If she wants to get him back let her figure it out though. If she can't it's proof she is a bad choice. There are plenty of resources out there for her. Part of the problem with WS is that people are always coddling them, trying to explain their ****ty behavior when they aren't even concerned about it. If she is really so dumb as to not get that this is brand new for him she is really not safe to be married to IMO. Being a good spouse requires self awareness and empathy. Something that seems really lacking in this women. 

Just look at the difference in the two of them. She ****ed up yet here he is reaching out for help. You would think SHE would be reaching out for help. She doesn't even think she needs counseling even after all this. This is a great example of why WS just suck to be married to. 

Besides I am sure he has said it to her more then once. She needs to be the one who fixes it if she can.


----------



## 23cm

wilson said:


> Clearly this is a fundamental difference between you and your wife. While one part of reconciliation is that she fixes things, the other part would need to be for you to truly forgive her.. What's the point of staying together if hate over this issue is always burning inside of you? I think we all can understand your viewpoint.
> 
> I know this is an emotional time, but remember to keep in mind that the children are also involved. Even if you end up divorcing, try to do things in a way so that children still feel loved and protected. Sometimes the desire for retribution can be very powerful and may cause more damage than you intend. You sound like you're a great dad, but sometimes emotions can get the better of us.

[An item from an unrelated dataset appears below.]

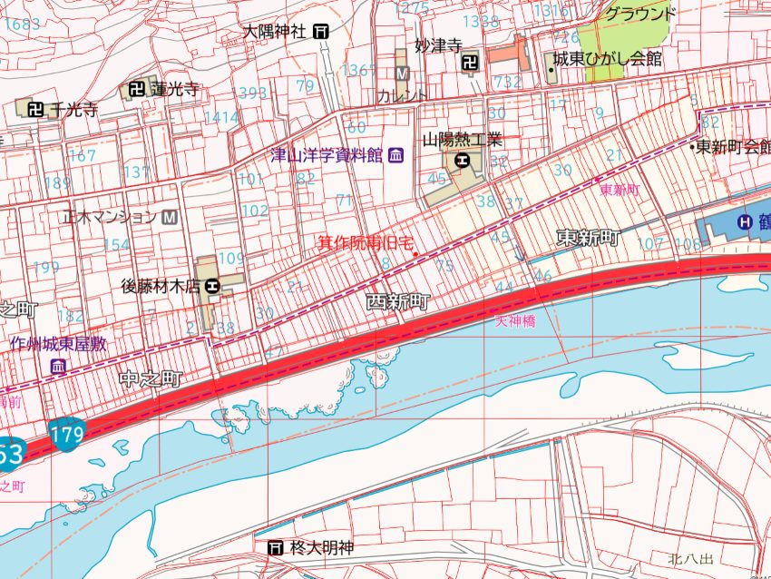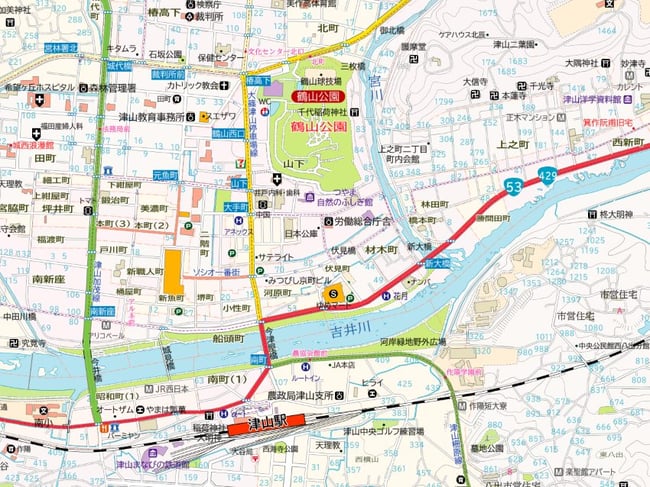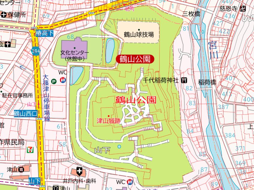 桜の名所として知られている津山城ですが、城と城下の筆(土地)には城郭や商家町、寺町、街道など当時の地割りが色濃く残されており、城下町の特徴が良く表されています。
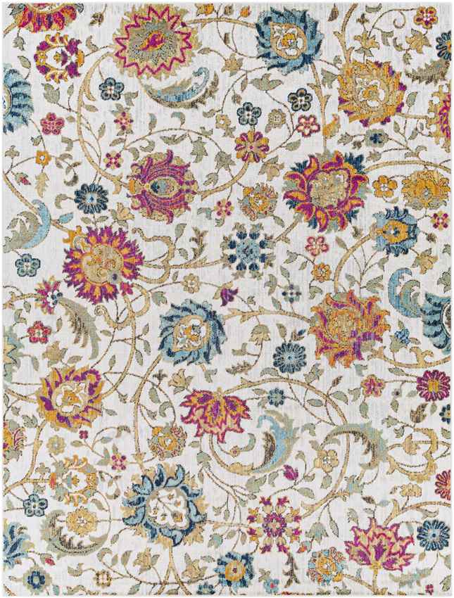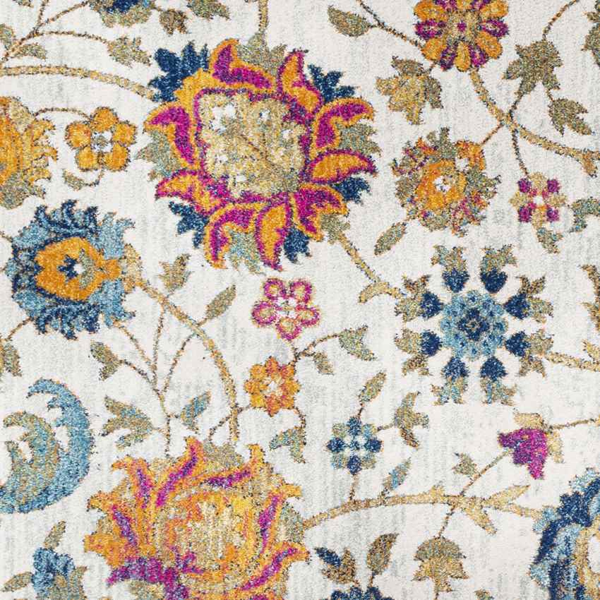 Add a splash of vibrant charm to your home with the Kuikhorne Modern Saffron Area Rug, a stunning blend of bold colors and intricate floral designs. This rug showcases an array of beautiful flower motifs in saffron, teal, burgundy, navy, and medium gray tones, set against a light beige backdrop for an elegant yet lively look. Perfect for enhancing your living room, bedroom, or entryway, this rug serves as both a decorative centerpiece and a functional floor covering. Made from 100% polypropylene, this machine-woven rug is designed to be kid- and pet-friendly, stain-resistant, and durable enough for high-traffic areas. With its soft medium pile, the Kuikhorne rug balances comfort and durability, making it a must-have for modern homes.

I stayed in a train-wreck marriage for 10 years past the pull-date because "there were children involved." Waited until last kiddo was off to college and moved out. For the last two years, I'd be physically sick when I came home from work and waited for my wife to float in from whatever society hoop-de-do she'd been at wasting time and money. She was basically a SAHM but fancied herself a graphic designer and despite having no clients or jobs, was a big time designer amongst her clique. 

Later, my daughter confided, "D (brother) and I don't know how you stood it for the last couple years. Mom was awful." 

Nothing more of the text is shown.